At the start of each think aloud session the participants were informed of the intentions of the research and the following guidelines issued to each individual:

• There is no single correct method to solve these problems.

• There is no single correct answer.

• Not all the information has been provided. However, you may ask for specific pieces of information. If the information asked for is on a pre-assigned information sheet the information will be provided. (The preassigned sheet contained information that the participant would not be expected to know or reasonably estimate. For example, the depth of the atmosphere.)

• Lack of information of the pre-assigned sheet does not mean the participant's strategy is incorrect.

• Access to a calculator is allowed, but access to smart devices and the internet are prohibited.

• A maximum of 20 minutes is allowed to answer each question.

Each participant was provided with the opportunity to ask further questions before the think aloud session commenced to ensure that they understood the task required of them.

Ethical approval for this study was obtained through the University of Hull's ethical research approval panel. Participants were notified about how and what data would be obtained and that their participation was voluntary. They were informed that they were able to withdraw at any time without providing a reason and without detrimental treatment or service of any kind. Participants were also informed that where quotes were used, the individual would remain anonymous and would be referred to only by a code. The data were stored on encrypted storage devices and paper data were stored in a lockable cupboard and office. Data were only provided to members of the research team, and the identities of the individuals was only known to one individual throughout the process to maintain anonymity. Each participant's LiveScribe pencast was transcribed to ensure that no details were overlooked. All the data were initially analysed to establish a set of thematic events emerging from the data. The process of analysis used a five stage process.

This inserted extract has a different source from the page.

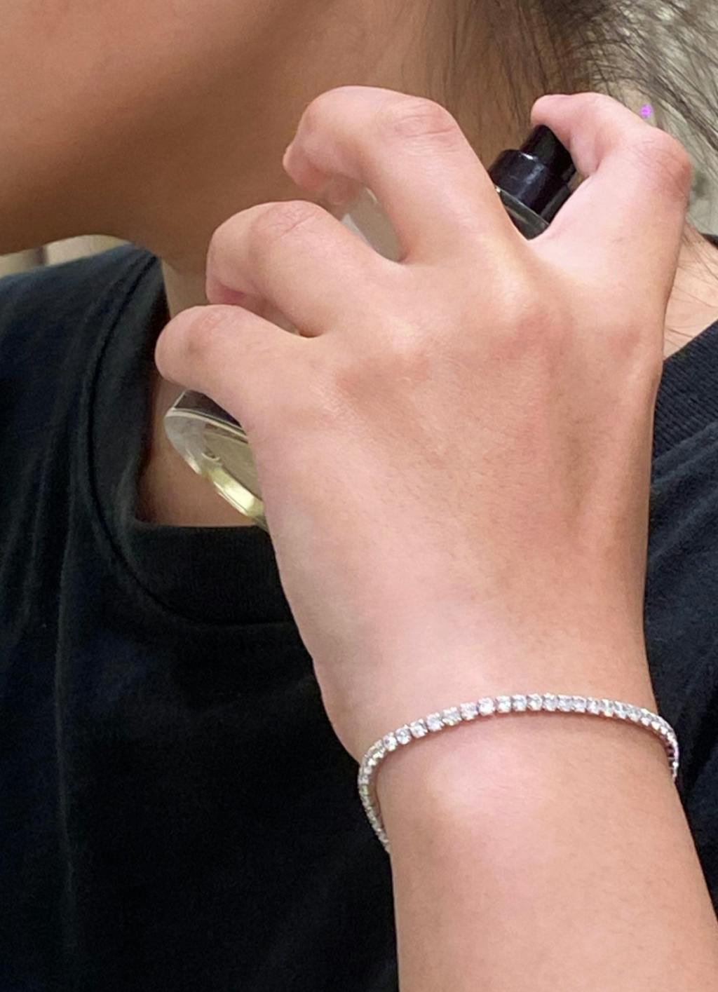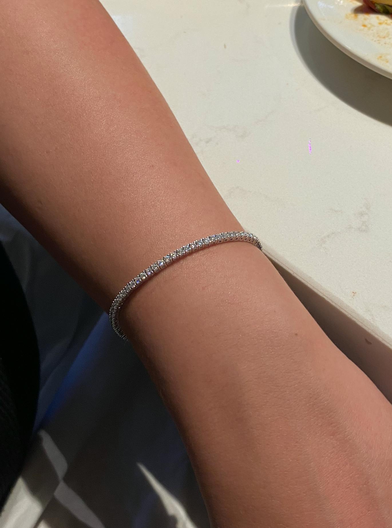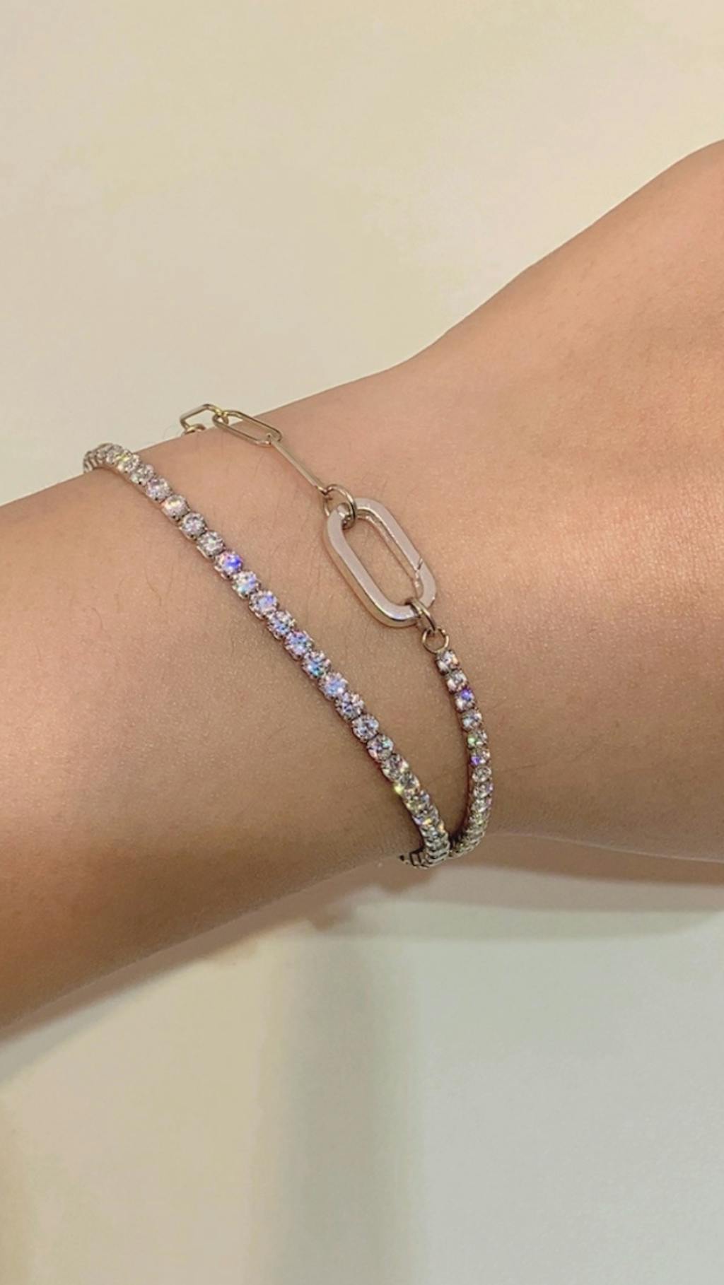 - Design: Slim chain bracelet with evenly set stones that sparkle around the wrist

The data and audio recordings were read and notes taken about the overall strategy employed by the participants. The strategy is the overall method used by the participant to solve the open-ended problem, such as calculating the load capacity of the toilets.

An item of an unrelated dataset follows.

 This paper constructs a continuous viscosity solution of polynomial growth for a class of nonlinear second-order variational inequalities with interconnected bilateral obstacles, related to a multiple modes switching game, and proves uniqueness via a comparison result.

The transcripts and audio files were read and notes taken of any initial themes emerging from the data, e.g., little evaluation, becomes confused etc.

Having reviewed the data for the first time, the text and audio files were studied again in greater detail to establish whether there were any hidden themes which the initial stage had failed to identify. Key words were highlighted which supported these emerging themes.

The next stage was to review all the identified emergent themes and eliminate some of them using a redundancy approach where similar themes were combined together.

The final themes were then given codes ready for the subsequent coding processes.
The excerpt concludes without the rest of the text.